I will be using Filmic Pro to acquire footage when using the Smooth Q along with my Samsung Galaxy Note 8 smartphone.
RecForge Pro V2
“RecForge II is a powerful dictaphone (audio recorder & editor) for Android, it allows you to Record, Play, Edit and Share sounds, voices, notes, music or any other audio media” (Play.google.com, 2018).
I have owned this app for quite a few years and used it for video production in the past. It is an amazing little app that converts your smartphone into a miniature recording studio (all be it one stereo track at a time).
You can record to a compressed format such as MP3 or uncrompressed WAV files dependant on what you require the audio for and the space you have on your device, as well as WAV and MP3 there are a myriad of other codecs to choose from such as OGG WMA and FLAC just to name a few. You can also convert one format to another after the recording has finished, so you might record in WAV but transcode to an MP3 file for quick transfer but still have an uncompressed copy should you need it at a later date.
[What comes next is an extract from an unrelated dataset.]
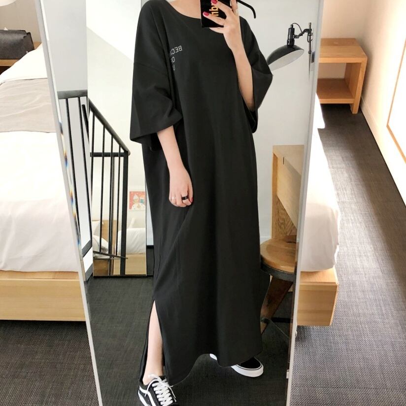 2color レディース ワンピース ロングワンピース 半袖 ラウンドネック ロゴ ロゴ入り バックプリント スリット スリット入り オーバー ゆったり リラックス ラフ カジュアル 大人カジュアル メンズライク ストリート 体型カバー おしゃれ オシャレ お洒落 春夏 春 夏 秋冬 秋 冬 ママ ママコーデ 20代 30代 40代 デート お出かけ 普段使い 韓国 トレンド かわいい 可愛い 大人 大人女子 大人かわいい 大人可愛い オフ 休日 デイリー 海外 旅行 海外旅行 通学

The audio quality is only suppressed by the quality of the mic used, it can be coupled with an external mic or you can opt for the internal mic of the device you are using, the former is better if you have the budget.
The software features an AGC (Auto Gain Control) which can be selected to ramp the recording volume up and down as needed if the device is going to be left unattended or massive fluctuations in the volume level are to be expected. Where ever possible I prefer this to be turned off as the built-in gain stage can open up during quiet parts raising the noise floor and inserting unwanted hiss or extraneous noises into the audio recording.
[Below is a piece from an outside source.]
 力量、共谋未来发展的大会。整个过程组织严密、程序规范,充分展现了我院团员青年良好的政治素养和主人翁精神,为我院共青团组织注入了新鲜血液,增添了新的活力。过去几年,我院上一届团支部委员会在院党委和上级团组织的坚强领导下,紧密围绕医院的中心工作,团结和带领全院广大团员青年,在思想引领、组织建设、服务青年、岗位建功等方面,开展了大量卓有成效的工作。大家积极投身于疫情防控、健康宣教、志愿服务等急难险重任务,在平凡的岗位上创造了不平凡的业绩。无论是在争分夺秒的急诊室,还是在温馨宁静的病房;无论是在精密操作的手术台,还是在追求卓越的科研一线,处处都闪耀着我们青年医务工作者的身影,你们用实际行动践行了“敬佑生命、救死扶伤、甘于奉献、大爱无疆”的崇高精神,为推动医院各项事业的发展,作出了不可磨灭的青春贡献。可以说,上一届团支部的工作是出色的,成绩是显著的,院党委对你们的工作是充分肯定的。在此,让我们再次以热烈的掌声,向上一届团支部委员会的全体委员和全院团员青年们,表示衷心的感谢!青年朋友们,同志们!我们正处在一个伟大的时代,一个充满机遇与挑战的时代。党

Lastly one of my favourite features is that you can set the device to record and then lock the phone so the recording cannot accidentally be paused or stopped. This is a must if the recording device is being placed in someone’s pocket as their movement could otherwise end the recording.
Below is a test recording to show the difference that microphones make, First I tried the internal mic on the phone, second, was the Blixxo Lavalier mic, third, the Rode lavalier mic, and finally, the Rode VideoMic go.
Please also note the AGC was left on so you can hear how the audio gain expands between breaths. Other than cutting out some mistakes the audio has not been doctored in any way.
I am sure you will agree that the difference between the different devices is amazing with the worst option being the internal mic.
What I aim to do during my project is produce primarily some videos along with some stills showing how each of the above devices can be used to obtain a particular look or style.
I intend to film myself using the items above then cut together the videos from the camera filming me and the footage from the camera on the device, so giving the viewer a first-person view of what the operator is doing and what the visual outcome is. I then intend to add a voice over track and some suitable music to complete the piece producing some short YouTube-style videos that I will actually post on YouTube as fully edited pieces, these hopefully may prove useful to other budding film-makers and photographers.
The reason I chose to do a video based FMP is that over the decade video has rapidly become another important creative tool available to the photographer, and many professional photographers now offer a video element to their provided services, to not do so would be a folly as there is lucrative work out there for a photo-videographer.
Most photographers now own the basic tools to produce high-quality videos and with a small extra outlay for a decent microphone and maybe some constant lighting apparatus they could achieve a professional quality output that clients will be happy to pay for.
A little history of how video and DSLRs came to be, in 2008 Nikon released the D90 and Canon the 5D Mark two both with HD video capability. Back then both companies only included video as an afterthought to possibly help photojournalists shoot short video clips, for inclusion in a web-based copy of their photo story.
Canon then decided to commission Pulitzer prize winner Vincent Laforet to produce a short film entitled Reverie.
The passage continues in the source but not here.